I'm not sure the existing "adder" element is up to the task for the audio version, since it's relatively difficult to turn tracks on and off (it looks like the only way is to block or unlink them), plus it doesn't seem to do any synchronization (but live-adder does?).
Well, that's why I propose to make properties where you can set whatever you want what does what you need. So you could just put liveadder there if that's what you need, or a bin that includes behaviour for enabling/disabling streams, or .... :) Apart from that, yes, adder does not do any sensible synchronization. That's another bug though, it should do things similar to audioringbuffer for synchronization instead of just mixing samples together as they arrive.
Here's a potential problem: Playbin creates its input-selectors on-demand, when the first stream of that type is added, then removes the input-selector when the last stream goes away. It does that because having an input-selector with no inputs locks up the pipeline. So, setting a stream combiner as a property on playbin before it starts is dangerous. We could set the stream-combiner after the pipeline starts and finds its sources, using the "*-changed" callbacks. It would be weird, and fairly complex because of the need to block the pads and switch them, but maybe it's acceptable. It seems like the best option might be to make the property a string, which defaults to "input-selector", and then use it as the first parameter to gst_element_factory_make.
If we make a string to be passed to gst_element_factory_make, we would still need a property to read the stream combiner, and you'd have to check it and set stuff up every time it changes, so maybe that's a good reason to just make it required to set the stream combiner with the "*-changed" callbacks.

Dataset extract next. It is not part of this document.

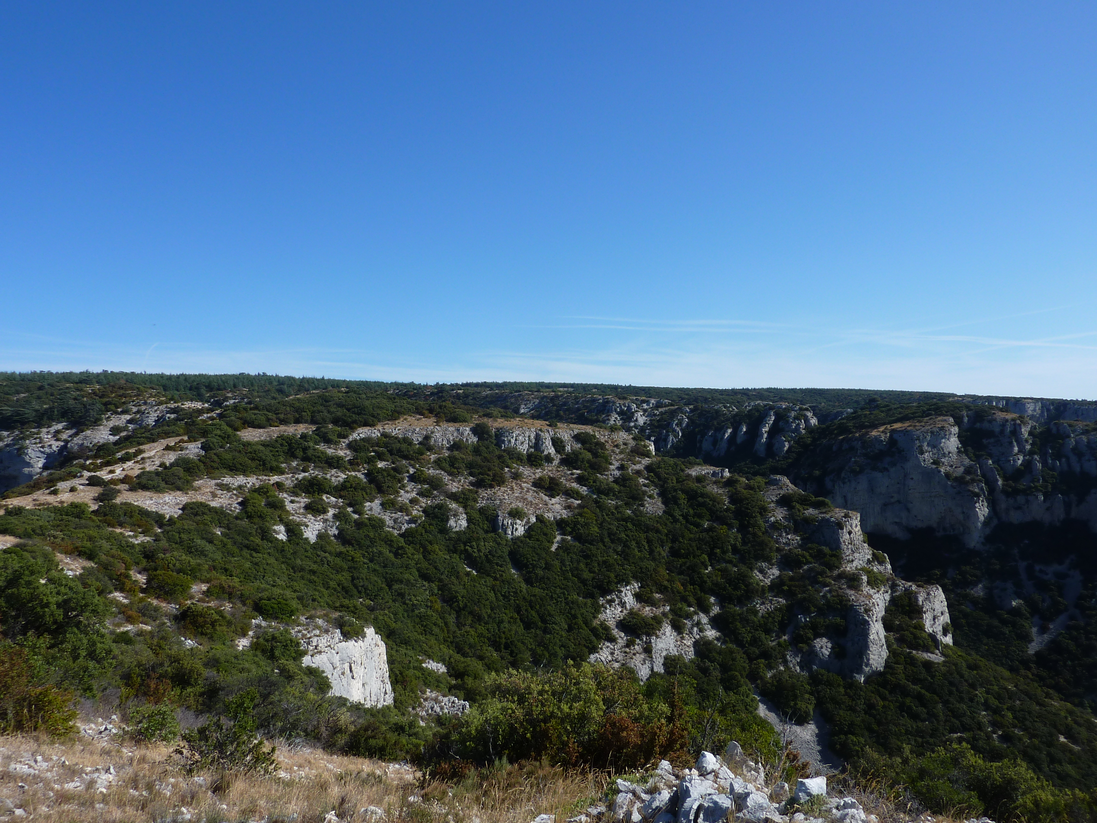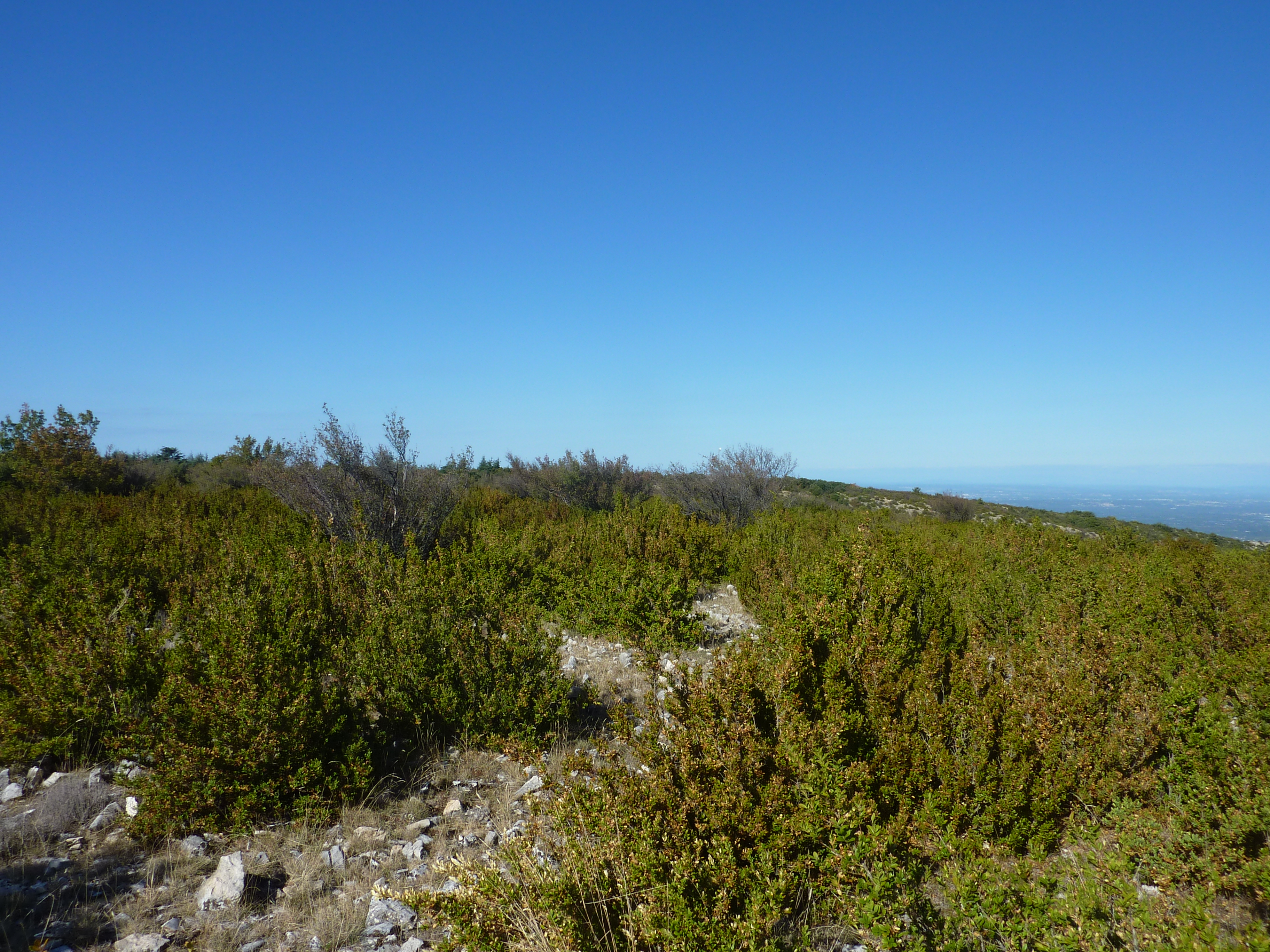 Arrivée au sommet du Mourre de Cairas (726 m) : panorama partiellement masqué par la végétation des crêtes du Petit Luberon mais beau point de vue sur le Ventoux et les Monts de Vaucluse

Can't we simply replace the input-selector with a stream-combiner. Then if you set current-audio, you end up with a single linked to the combiner and with a new property you would to enable multiple audio streams (or none), which would make the current-audio to be be -1 ? Would that keep things simple and usable ? Because a stream-combiner is a superset of a input-selector.
I think the idea was that a "stream combiner" is any element that has dynamic sinks that accept the correct caps, like input-selector or adder/liveadder. Then if someone wanted to mix all of the audio with playbin, they could do: GstElement* adder = gst_element_factory_make("adder", NULL); g_object_set(playbin, "audio-stream-combiner", adder, NULL); For what I want to do (implement the HTML5 spec), we'll actually need a better adder, which synchronized streams and allows them to be turned on and off (probably the same element you're thinking of), plus an appsink with dynamic pads (presumably easy to build out of normal appsinks), which doesn't need an output at all. The reason for the *-stream-combiner property is that we don't necessarily want to do the same thing with all of the streams.
Oh, and the problem with just replacing input-selector with a generic stream combiner is that: * It's not really clear what it would do with videos. * In my use case (HTML5 spec), I need to know which stream each text cue is associated with, so just combining them doesn't work.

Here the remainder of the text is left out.